01.26.07
Excerpting copyrighted material.
The other day when I offered an explanation for why I spend so much time here transcribing other peoples’ work, usually long-forgotten genealogies and histories published a hundred years ago or so, Jasia of Creative Gene had some questions about copyright law and what we can safely post in this way. I have to be careful here: I am not giving you or anyone else legal advice. What I am about to offer is a summary of the general state of the law; how your particular situation meshes with that law I cannot say. If you have any questions about how your particular situation meshes with copyright law, go ask an attorney of your own.
Here is what the U.S. Copyright Office says on their website:
“Works Originally Created and Published or Registered before January 1, 1978
Under the law in effect before 1978, copyright was secured either on the date a work was published with a copyright notice or on the date of registration if the work was registered in unpublished form. In either case, the copyright endured for a first term of 28 years from the date it was secured. During the last (28th) year of the first term, the copyright was eligible for renewal. The Copyright Act of 1976 extended the renewal term from 28 to 47 years for copyrights that were subsisting on January 1, 1978, or for pre-1978 copyrights restored under the Uruguay Round Agreements Act (URAA), making these works eligible for a total term of protection of 75 years. Public Law 105-298, enacted on October 27, 1998, further extended the renewal term of copyrights still subsisting on that date by an additional 20 years, providing for a renewal term of 67 years and a total term of protection of 95 years.
Public Law 102-307, enacted on June 26, 1992, amended the 1976 Copyright Act to provide for automatic renewal of the term of copyrights secured between January 1, 1964, and December 31, 1977. Although the renewal term is automatically provided, the Copyright Office does not issue a renewal certificate for these works unless a renewal application and fee are received and registered in the Copyright Office.
Public Law 102-307 makes renewal registration optional. Thus, filing for renewal registration is no longer required to extend the original 28-year copyright term to the full 95 years. However, some benefits accrue to renewal registrations that were made during the 28th year.”

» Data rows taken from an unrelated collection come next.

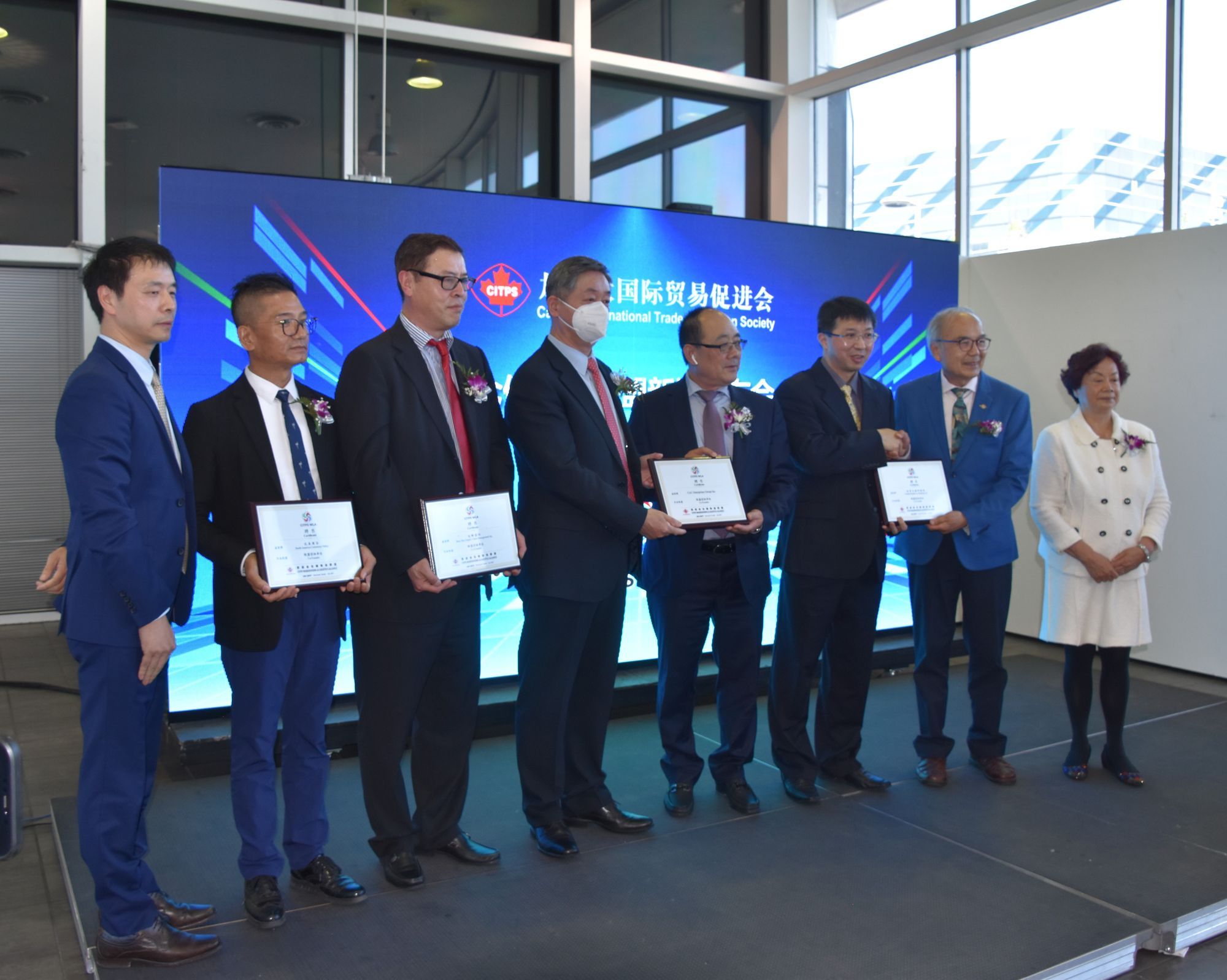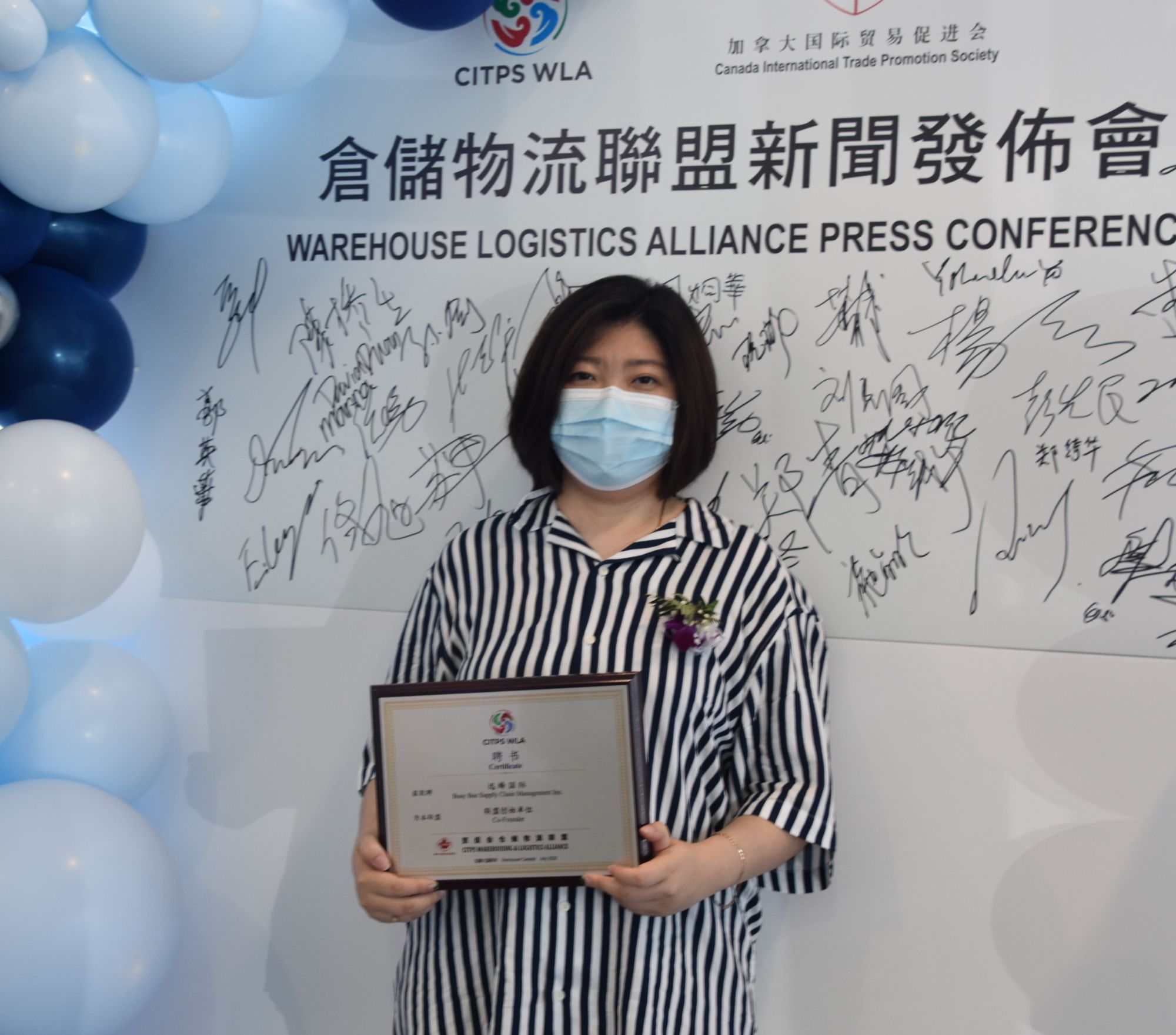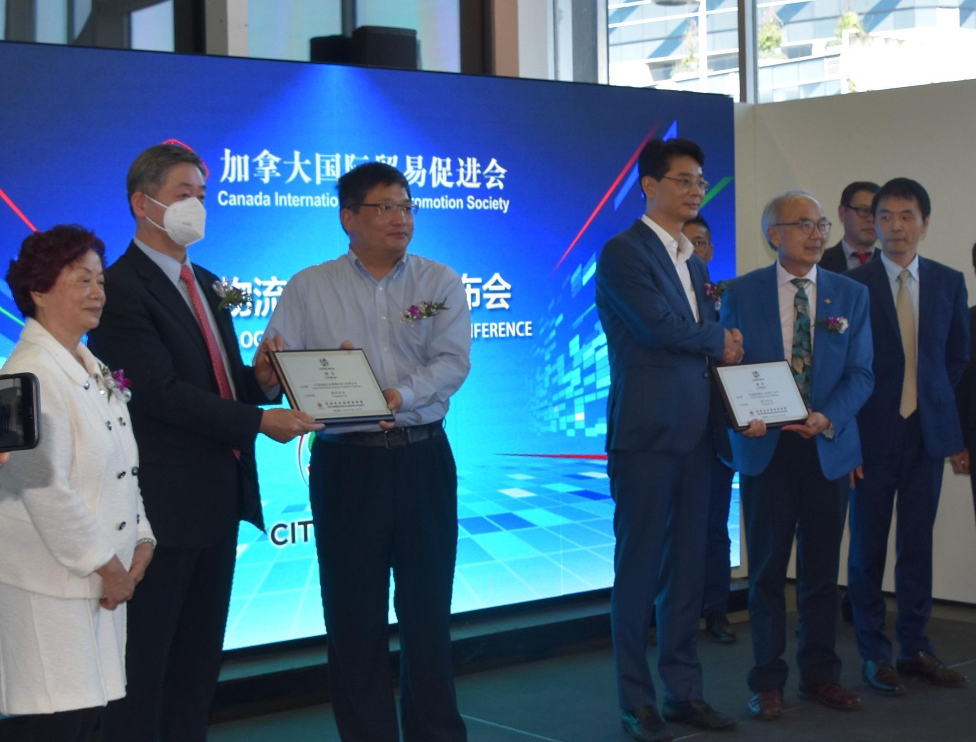 颁发证书给倉儲物流联盟顾问单位中远海运集运(加拿大)公司COSCO shipping lines (Canada) Inc 及 中国检验认证集团加拿大有限公司。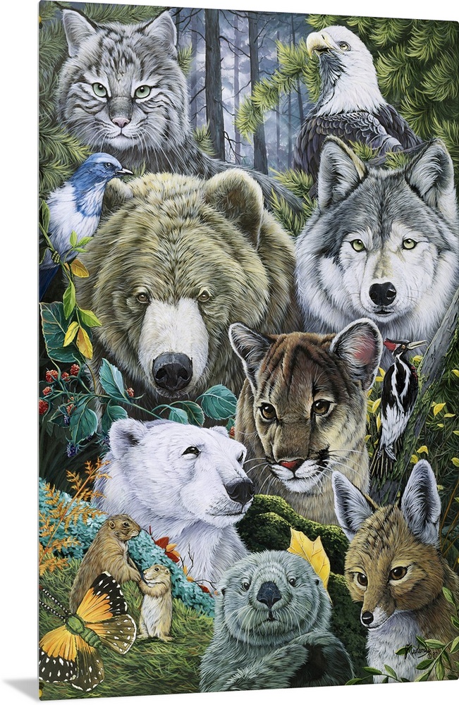 Art Decorative Art Jenny Newland Painting Wildlife Bear Wolf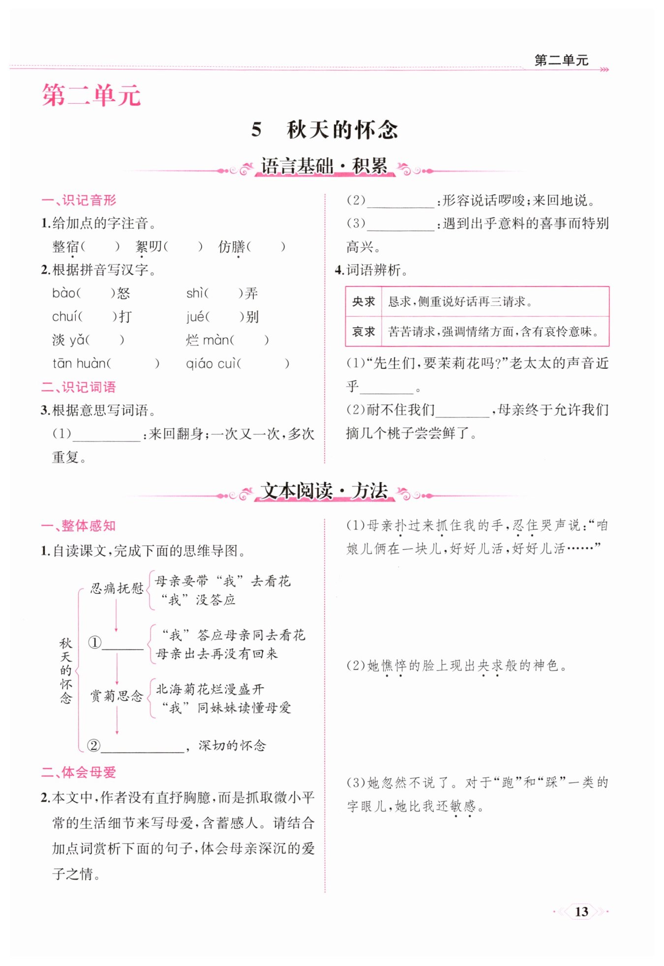 分虛弱;“央求”反映出母親既盼望“我”早日

In other words, if the publication you are working from is old, it used to be that the copyright expired after 28 years. The author had the option of renewing it if he or she wanted to. In 1992, the rules changed: copyrights secured from 1964 and 1997 were automatically renewed, and the many of the original 28-year terms were automatically extended to 95 years.
So what does all this mean? Some people say that working with this kind of law is about risk management. To minimize the risk that someone gets upset with you about the use of copyrighted material, the first and foremost rule is to use proper attribution. Give the author full credit. The next layer of protection is to stick with works that are 95 years old or older. That takes you back to about 1912 at the moment. For works more recent than that, you are playing the odds a bit. There are no “copyright cops” out there: it falls to the copyright holder to protect his or her work. The odds suggest that the closer a work is to having been published pre-1912, the more obscure the work is, and the smaller your selection from that work, the less likely it is that the copyright holder will enforce the copyright. I myself have, for example, excerpted here, with full attribution, pieces from a 1922 work. If I felt inclined to excerpt something more recent, or more popularly known, or in larger chunks that a few pages, I would either not post that material, or I would, with due diligence, try to get permission from somebody in authority.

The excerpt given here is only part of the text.